Whatever lies between the line with "view from a" and the end of the data, both included, must be copied exactly and without pictures.
'''
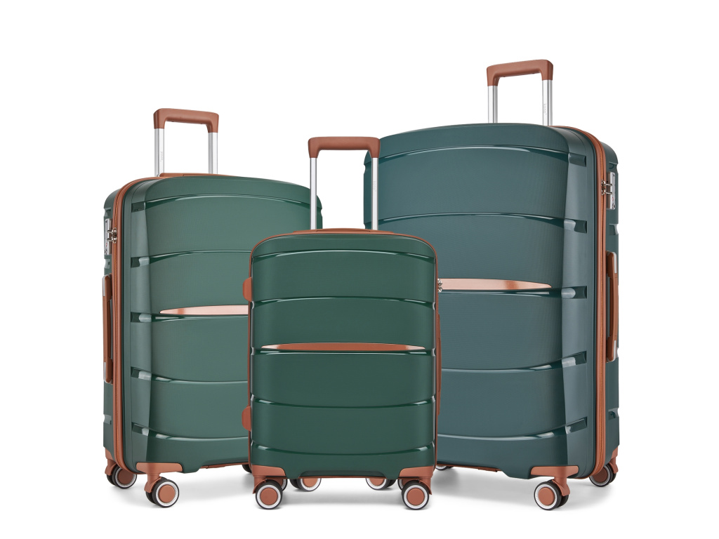 Kono 2591 Sada 3 kufrů 55cm 66.5cm 75.5cm spinner Zelená Polypropylen
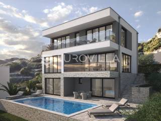 Pelješac, Orebić, ekluzivne, luksuzne vile na parcelema veličine cca 450 m2 na tri etaže ukupno NKP 207 m2.Suteren veličine NKP 71.83 m2 a sastoji se od spremišta, fitness centra, natkrivene terase,kupaonice, saune, jaccuzi,tehničkog dijela.Prizemlje veličine NKP 73.92 m2 a sastoji se od ulaznog hodnika, wc, kupaonice, sobe s garderobnim dijelom, natkrivenom terasom, dnevnog boravka s kuhinjom, kuhinja i stubišni dio.Prvi kat veličine NKP 62.14 m2 a sastoji se od pretsoblja, kupaonice, 2 garderobna dijela, dvije sobe, balkona, kupaonice.Svaka villa posjeduje grijani bazen, s privatnim parkirnim mjestom.Gradnja započinje krajem 2025 godine.Iz vile se pruža prekrasan pogled na more i obalu te otok Korčulu. Objekt će biti okružen privatnim vrtom s palmama i mediteranskim biljem koje jamči apsolutnu privatnost!
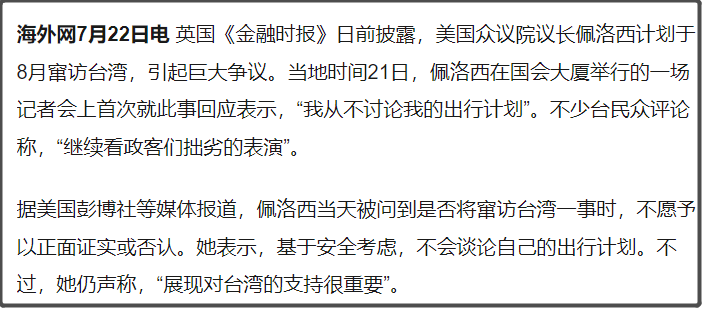 包括佩洛西今天也首次回应此事称,“我从不讨论我的出行计划”。
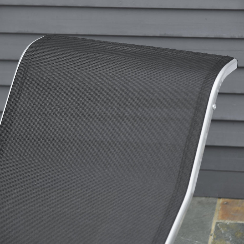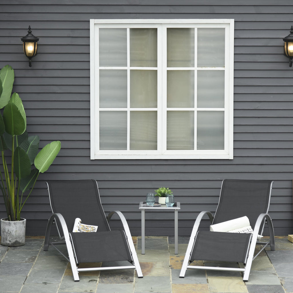 Lot de 2 transats et table de jardin en métal et tissu noir
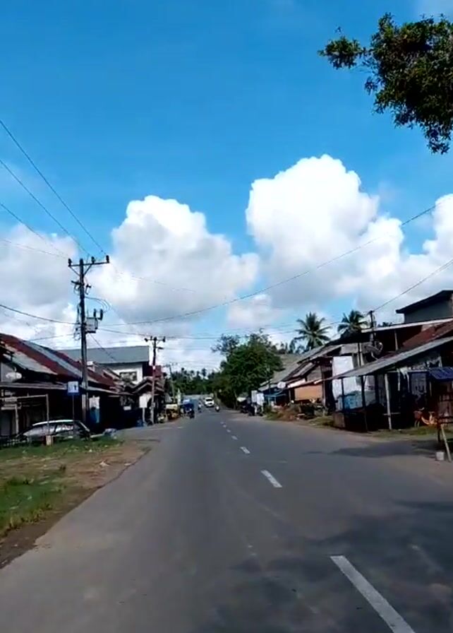 view from a vehicle traveling down a straight road in what appears to be a small town or village. The road is paved and has double white lines in the center. On either side of the road are buildings, mostly one-story structures, some with metal roofs. Power lines run above the road, supported by utility poles. The sky is blue with scattered white clouds. A few vehicles, including a car and some motorbikes, can be seen in the distance and parked along the roadside. There is a green tree to the right of the frame. The overall scene depicts a quiet, rural street on a sunny day.
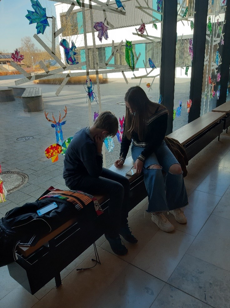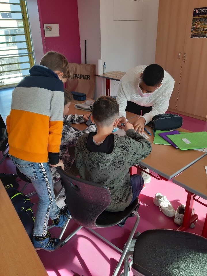 Nachdem sich die Ethikschüler:innen der 10. Klassen und die neuen 5. Klässler:innen kennengelernt hatten, ging es daran im Rahmen des Musikunterrichts einen eigenen Rap-Text zu schreiben. Nach dem Vorbild eines baden-württembergischen Rap-Wettbewerbs arbeiteten sich die Schüler:innen durch die einzelnen Phasen: Thema finden; Brainstorming; die Ideen in einfachen Sätze aufschreiben, um sie - in einem letzten Schritt - in passende Reime umzuformulieren.
'''
### RESULT OF THE EXERCISE
 view from a vehicle traveling down a straight road in what appears to be a small town or village. The road is paved and has double white lines in the center. On either side of the road are buildings, mostly one-story structures, some with metal roofs. Power lines run above the road, supported by utility poles. The sky is blue with scattered white clouds. A few vehicles, including a car and some motorbikes, can be seen in the distance and parked along the roadside. There is a green tree to the right of the frame. The overall scene depicts a quiet, rural street on a sunny day.
 Nachdem sich die Ethikschüler:innen der 10. Klassen und die neuen 5. Klässler:innen kennengelernt hatten, ging es daran im Rahmen des Musikunterrichts einen eigenen Rap-Text zu schreiben. Nach dem Vorbild eines baden-württembergischen Rap-Wettbewerbs arbeiteten sich die Schüler:innen durch die einzelnen Phasen: Thema finden; Brainstorming; die Ideen in einfachen Sätze aufschreiben, um sie - in einem letzten Schritt - in passende Reime umzuformulieren.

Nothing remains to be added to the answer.